The basics of distributed tracing

A distributed trace tracks a request as it flows through multiple services. Each service adds a span to the trace: a record of the service name, operation, start time, duration, and relevant tags. Spans are linked by trace context (a trace ID and parent span ID) propagated in request headers. The assembled trace shows the full call tree for a request, including which services were called, in what order, and how long each took.

OpenTelemetry as the standard

OpenTelemetry (OTEL), the merger of OpenTracing and OpenCensus under the CNCF umbrella, became the de-facto standard for distributed tracing instrumentation in 2021. The SDK provides automatic instrumentation for common frameworks (.NET, Node.js, Java, Python, Go) that instruments HTTP clients, databases, and message queue clients without code changes.
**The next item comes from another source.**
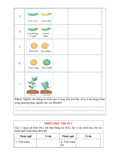 Câu 2: Quan sát bảng dưới đây, gọi tên các tính trạng được Mendel nghiên cứu trên câu đậu hà lan. STT

The OTEL collector aggregates telemetry and routes it to the backend of choice.

Sampling strategies

Tracing every request at full fidelity produces enormous data volumes and storage costs. Sampling reduces the trace volume. Head-based sampling decides at the entry point whether to trace a request (simple, cheap, misses important tail-latency events). Tail-based sampling buffers spans and makes the sampling decision after the full trace is assembled (captures anomalies at the cost of buffering latency and complexity). Adaptive sampling adjusts rates based on error rates and latency outliers.

The Jaeger and Zipkin backends

Jaeger (CNCF-graduated) and Zipkin (Twitter-originated) are the two open-source distributed tracing backends. Jaeger provides a query UI for trace exploration, dependency graph visualisation, and trace comparison. Jaeger's deployment model supports both all-in-one for development and a distributed production deployment with separate collector, query, and storage components. Elasticsearch and Cassandra are the supported production storage backends.